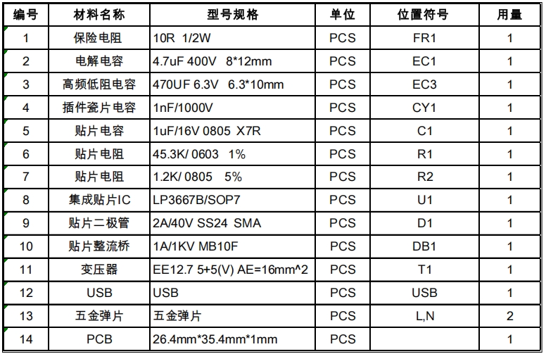 物料清單是實現電路設計的基礎,它詳細列出了電路中所使用的各種元件及其規格型號。在 LP3667B 5V1A 充電器的 BOM 表中,涵蓋了保險電阻、電解電容、高頻低阻電容、瓷片電容、貼片電阻、集成貼片 IC、貼片二極管、貼片整流橋、變壓器、USB 接口、五金彈片以及 PCB 等多種元件。例如,保險電阻采用 10R 1/2W 的規格,用于電路的過流保護;電解電容選用 4.7uF 400V 的型號,用于輸入濾波;高頻低阻電容則采用 470uF 6.3V 的規格,用于輸出濾波,以降低輸出紋波。這些元件的合理選型和搭配,共同構成了一個高效、穩定的充電器電路。
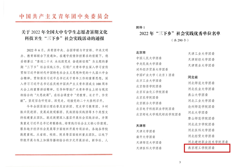 本网讯(团委 学生处 王奥然 王欣钰)10月11日,共青团中央青年发展部发布《关于2022年全国大中专学生志愿者暑期文化科技卫生“三下乡”社会实践活动的通报》,燕京理工学院团委获评2022年“三下乡”社会实践优秀单位。
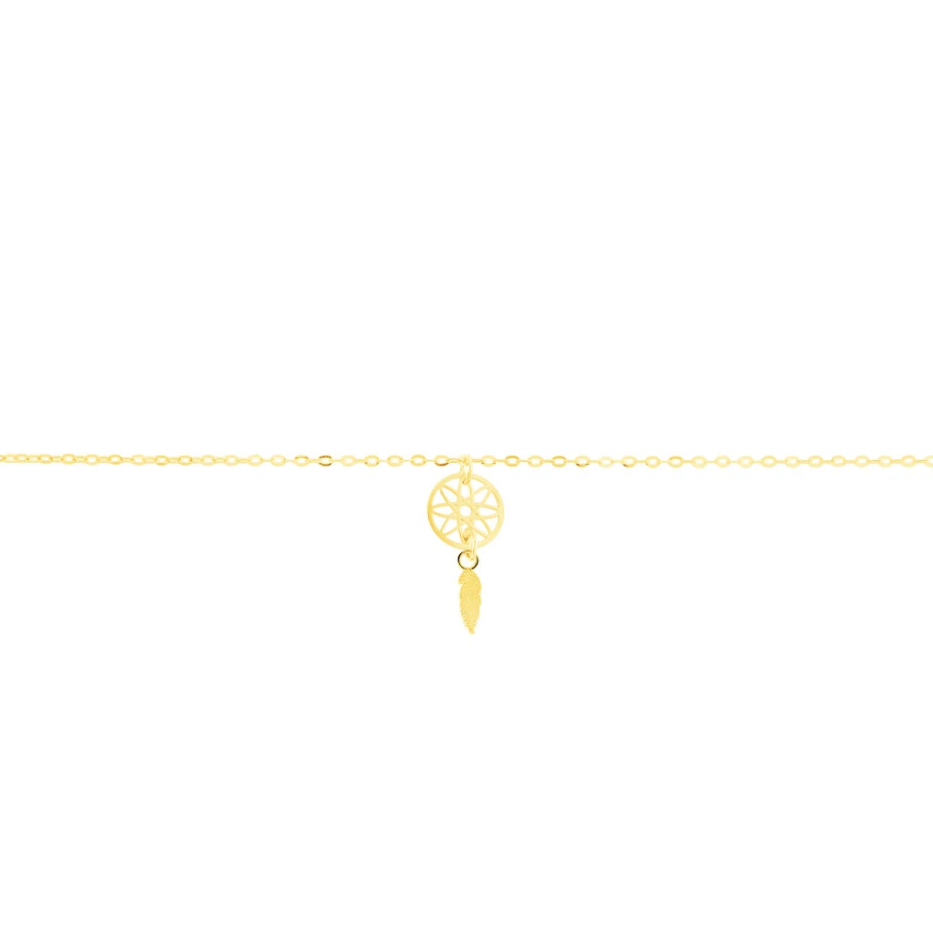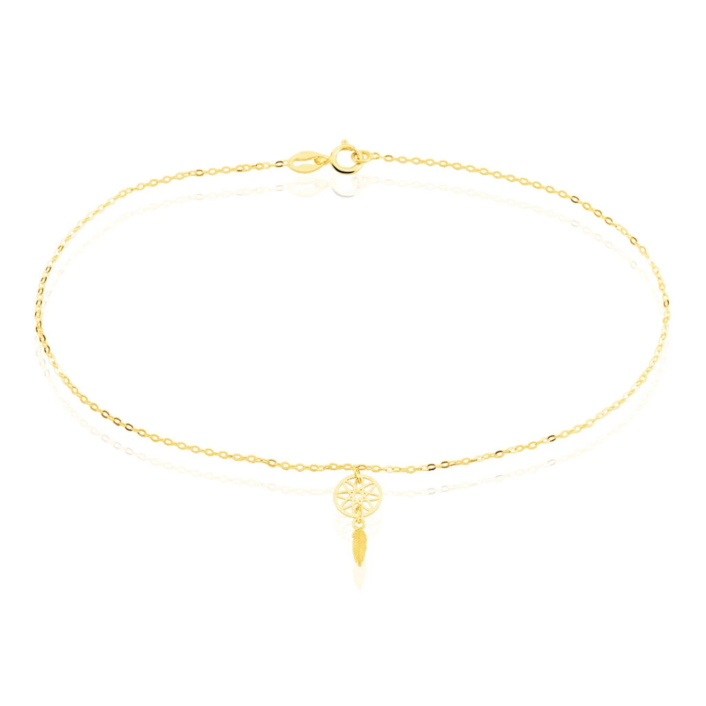 Chaine De Cheville Or Jaune 375/1000 Attrape Rêves 24cm
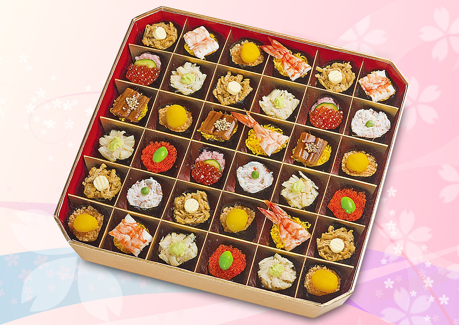 プチケーキをイメージした一口サイズの華やかな細工寿司。海老・帆立・いくら・とびっこ・煮穴子・カニカマ・栗・お揚げにチーズの8種類の味が楽しめます
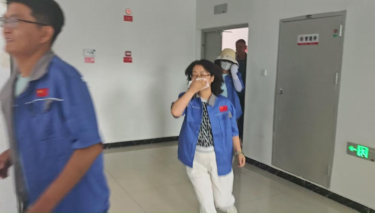 接到疏散指令后,各部門員工在疏散引導組的指引下,用濕毛巾捂住口鼻,低姿彎腰,按照預定的疏散路線快速、有序地撤離至指定的“人員疏散集結點”。
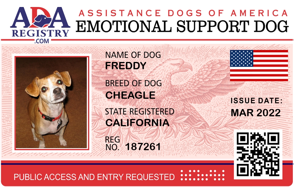Emotional Support Dog Registration for Freddy
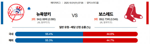 10월 1일 MLB 뉴욕양키 vs 보스레드
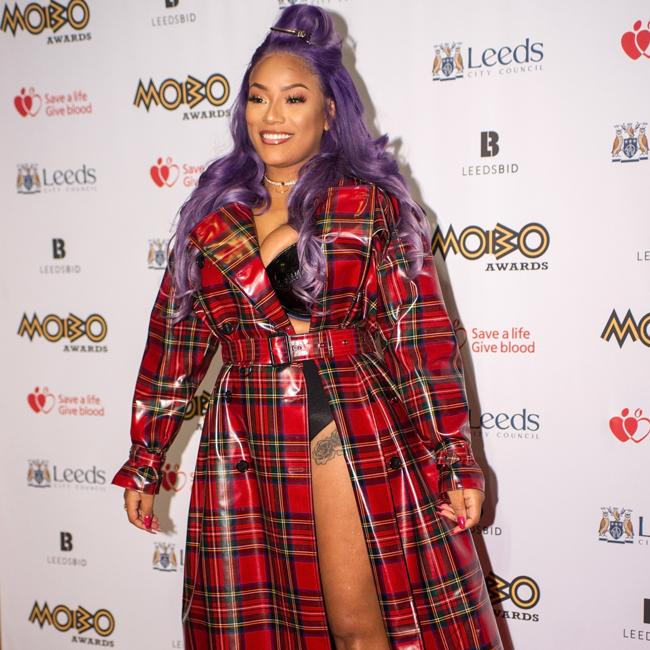 The rapper – whose real name is Stephanie Allen – pulled out all the stops at this year’s music extravaganza as she sported a skimpy black bralette and briefs, which she paired with a red tartan coat that she layered on top.
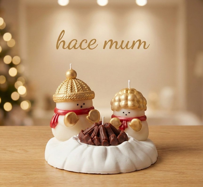 Altın renginde iki karakter mum, beyaz taban üzerinde kamp ateşi etrafında oturuyor. 'hacemum' yazısı bulunur. ️
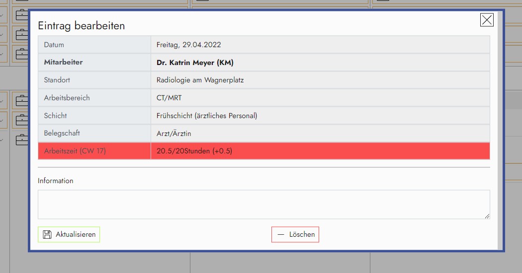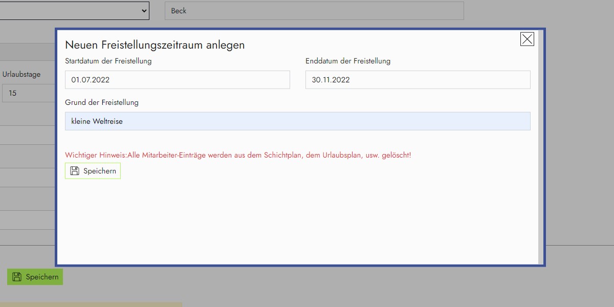 Wie bei der Eintragung von Arbeitsunfähigkeiten erfolgt auch hier keine Prüfung mit möglichen Einträgen im Schichtplan und im Urlaubskalender des Mitarbeitenden. Sowohl Schichtplaneinträge als auch Urlaubseinträge werden gelöscht.

Task directions> Retype exactly the lines above, starting at the line containing "Altın renginde iki" and ending with the last line, both included; leave out the pictures.

Task output>
 Altın renginde iki karakter mum, beyaz taban üzerinde kamp ateşi etrafında oturuyor. 'hacemum' yazısı bulunur. ️
 Wie bei der Eintragung von Arbeitsunfähigkeiten erfolgt auch hier keine Prüfung mit möglichen Einträgen im Schichtplan und im Urlaubskalender des Mitarbeitenden. Sowohl Schichtplaneinträge als auch Urlaubseinträge werden gelöscht.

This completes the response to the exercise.